A one-way ANOVA was used to assess the differences in soil physicochemical properties, plant diversity, and the relative abundance of major fungal phyla and genera in different treatments. The similarity among the fungal communities in different samples was determined via principal coordinate analysis (PCoA) based on Bray–Curtis dissimilarity using the Vegan v2.5-3 package, and the significance was tested through an analysis of similarities (ANOSIM) in R (ver.4.3.1) [33]. We utilized Networkx (version 1.11) [27] to conduct a co-occurrence analysis of fungal communities, which was based on phylum-level distinctions in various treatments. The Benjamini–Hochberg method was employed to perform cut-off filtering of correlated data, with the threshold of the absolute correlation coefficient set at 0.5 and a significance level of p < 0.05 [34]. We conducted a single-factor correlation network analysis among the soil fungal communities using Spearman’s rank correlation for fungi in the top 50 most abundant genera, and Gephi v0.10.1 was used for visualization. Two-factor correlation network analysis was used to detect the Spearman correlations between fungal communities in the top 100 most abundant genera and the plants that appeared in each plot, and Cytoscape v3.10.0 was used for visualization. Topological properties encompass metrics such as the positive or negative correlation count, the number of edges and nodes, degree, closeness centrality, and betweenness centrality [35].
We developed an a priori model using existing knowledge concerning the interactions among plant-community composition, plant diversity, soil characteristics, and fungal-community composition [36]. According to the hypothetical causality, a structural equation model (SEM) in Amos 26.0 software was used to examine the direct and indirect effects of shrub-layer plant diversity, herb-layer plant composition, and soil factors on fungal-community composition. Using SPSS (27.0) to normalize the relative abundance of soil fungal-community composition (phylum level), the four diversity indices of the herb layer, and the community composition of the shrub layer (the importance value of each shrub), we conducted a principal component analysis (PCA). The first component PC1 of each explanatory group was used as an input for the SEM analysis. The suitability of the model was evaluated using various testing methods, such as chi-square, P-value evaluation, comparative goodness of fit (CFI), goodness of fit (GFI), and approximation root mean square error (RMSEM). Based on the results of the tests, less predictive measures, non-significant indicators, and non-significant paths were excluded, retaining the most informative variables. The final model that best fit the data was obtained by progressively removing unimportant components from the model.

3. Results

3.1. Response of Understory Plant Diversity and Soil Physicochemical Properties to Crop-Tree Thinning

Compared with WCK, the SBD in the WA and WB plots decreased significantly (Table S1), with the TP and NH4+ of the WB plot decreasing significantly. The SOM in the WA plot was significantly higher than that of WCK. Crop-tree thinning significantly increased NO3 compared with WCK, increasing in WA, WB, and WC by 19.68%, 4.47%, and 17.54%, respectively. Crop-tree thinning had no significant effect on TK, pH, and TN.
As the crop-tree density increased, R1, D1, and H1 all showed a significant increasing trend (Table 2). For J1, only WC was significantly different from the control. In terms of herbaceous layer diversity, each crop-tree-thinning treatment significantly increased R2, D2, and H2 compared with the control. In terms of J2, the herbaceous layer diversity in the WA plot was significantly lower than in the control plot, and other crop-tree-thinning treatments had no significant effect on J2. The species of the herb layer in WC were the most abundant in all treatments. Under crop-tree thinning, the dominant species in the shrub layer and herb layer changed noticeably, the composition of vegetation was more abundant, and we noted many plants that could adapt to different environments (Table S2).
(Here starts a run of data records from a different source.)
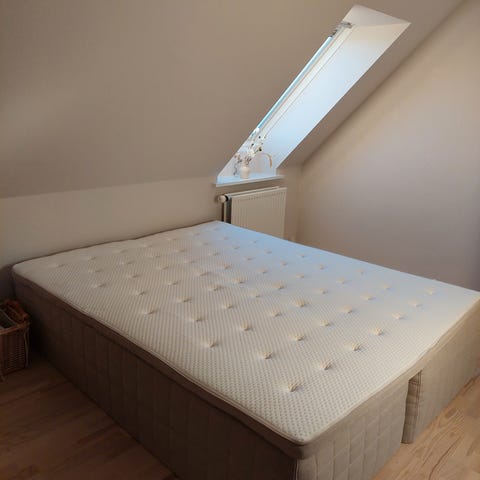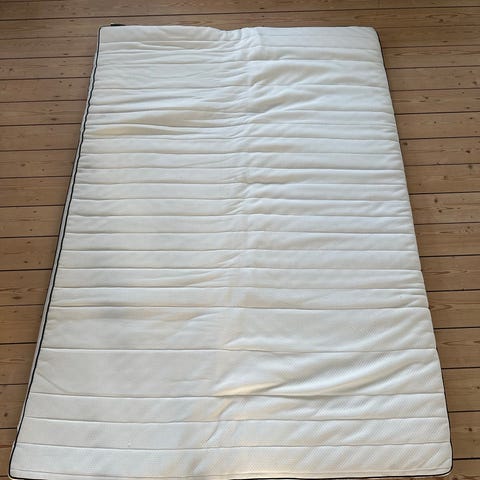 Topmadras i memory foam, mærke ukendt. Betræk kan tages af og vaskes. Standen er rimelig med et enkelt lille hul i betrækket. Fra røgfrit hjem.
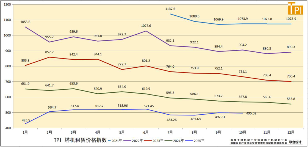 据中国工程机械工业协会施工机械化分会等统计的塔机租赁行业景气指数(TPI),2025年10月份塔机台天利用率57.0%,最大起重力矩利用率57.8%,分别较上月低0.3个百分点和0.2个百分点;10月份租赁价格指数为495.02点,较上月低2.29点,低于去年同期72.78点。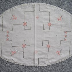 Vintage Broderad Oval Duk
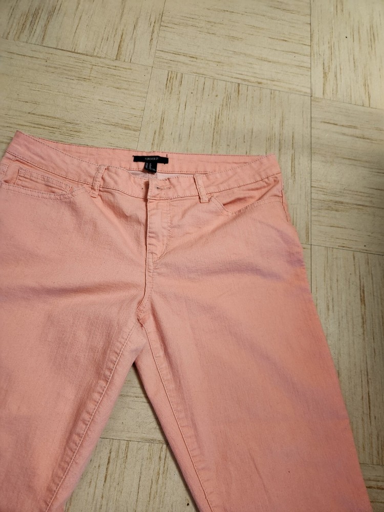 These Forever 21 ladies pants are perfect for those who love to travel in comfort and style. They feature a mid-rise waistline with a flat front, straight leg style, and a zip and button closure. The pants are made of lightweight and easy-care polyester and cotton blend fabric that dries quickly, making them perfect for summer, fall, and spring seasons. They come in a beautiful shade of orange, which adds a pop of color to your outfit. The pants have pockets for added convenience, and their solid pattern and classic style make them suitable for workwear and casual occasions. These pants are a size 31 with a waist size of 36 inches and an inseam of 28 inches.
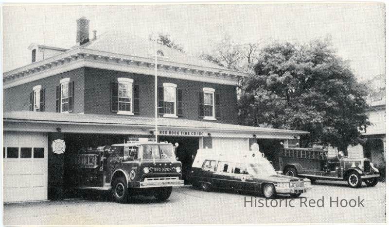 Red Hook Fire Company building with vintage fire truck, fire truck c 1970? and ambulance out front, printed on card.Photograph Details

3.2. Soil Fungal-Community Composition, Diversity, and Functional Groups

At the genus level, the soil fungal communities comprised Saitozyma and Russula (Figure 2a). Crop-tree thinning had no significant effect on the dominant genera, but resulted in significant differences for other rare fungi (such as Colletotrichum, Rhexodenticula, etc.) (Figure S1a). The fungal communities were dominated by Basidiomycota and Ascomycota (Figure 2b). Crop-tree thinning significantly increased the proportion of Basidiomycota but significantly decreased the proportion of Ascomycota, Mucoromycota, and Entorrhizomycota (Figure S1b). The first two axes together explain 65.40% of the total variance in the fungal community (Figure 3). The fungal communities differed significantly between the control and crop-tree-thinning groups (p = 0.002), and crop-tree thinning had no significant effect on the alpha diversity of the soil fungal community (Table S3). Ectomycorrhizal, an undefined saprotroph and fungal parasite, represented most of the observed fungal functional groups (more than 60%). The relative abundance of ectomycorrhizal in WB and WC was higher than that in the other treatment plots, and the relative abundance of undefined saprotroph was the highest in the WA-treatment plot (Figure 4).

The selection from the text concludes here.